During the exercise, the Marines encountered obstacles in their communications and logistical operations such as heavy rain and low temperatures, lending more credence to the old military saying, “If it’s not raining, we’re not training.”



“We’re getting back in the saddle after the holiday break and starting the year off with some good training,” said Cpl. Maximilian Musick, an electronic systems technician with the battalion. “We’re getting uncomfortable, cold and wet, but we’re getting the job done in spite of that.”

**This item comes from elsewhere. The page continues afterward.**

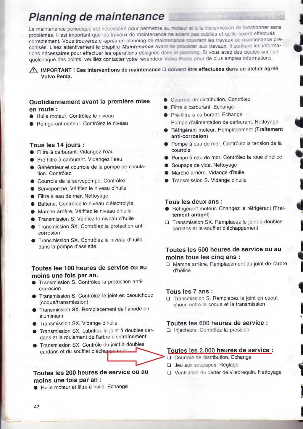 Sur son frère jumeau, le Volvo MD22, la courroie est à faire toutes les 2000 heures. j'ai bien dit toutes les 2000 heures moteur.

Attacks by insurgent role-players using blank ammunition and small explosives to simulate artillery rounds added stress to the exercise. Smoke grenades replicating chemical and biological weapons added complexity to the defensive maneuvers forcing the Marines to quickly don their M40 field protective masks to protect them from the potential threat.



A perimeter of vehicle-mounted sentries with Mk-19 automatic grenade launchers, armed logistical convoys and constant communication helped defend against such attacks. Though the grenade launchers were not used in the defensive scenarios, looking out from the turrets and understanding the angles from which they can be fired was an important step toward qualifying with the weapon systems for the newer Marines.



“If you don’t have security, you can’t operate anywhere,” said Cpl. Christopher Berneski, an AAV crewman. “You always have to be watching and aware of everything that’s going on. You have to train like you fight or you’re going to get lazy.”



Maintaining amphibious units is vital to the naval expeditionary nature of the Marine Corps, and maintaining the readiness and standards of every Marine ensures high performance and fast deployment capabilities.



“Assault amphibian battalions are absolutely important,” said 1st Lt. Andrew Dibble, the adjutant of Headquarters Company, 2nd AA Bn. “They allow Marines to get from ship to shore, establish a strong position and continue the fight. These exercises allow us to know that we can fight and deploy at any time, on really short notice.”



The exercise tested the battalion’s operations skills when operating together, which is uncommon for a unit that usually trains as individual companies and operates with infantry units.



“Training as a battalion requires the companies to be more flexible,” said Dibble. “They cannot just plan their own exercise and go execute. [The exercise] confirms that this battalion is ready to fight and win in any clime or place. It confirms that we are able to command and control ourselves and are not limited to just sending our companies out to the infantry battalions.”



This was the first training exercise of the year, and later operations will include more amphibious landings, operations with U.S. Navy ships and weapon qualifications with Mk-19s to provide a greater range of learning opportunities for Marines of all experience levels.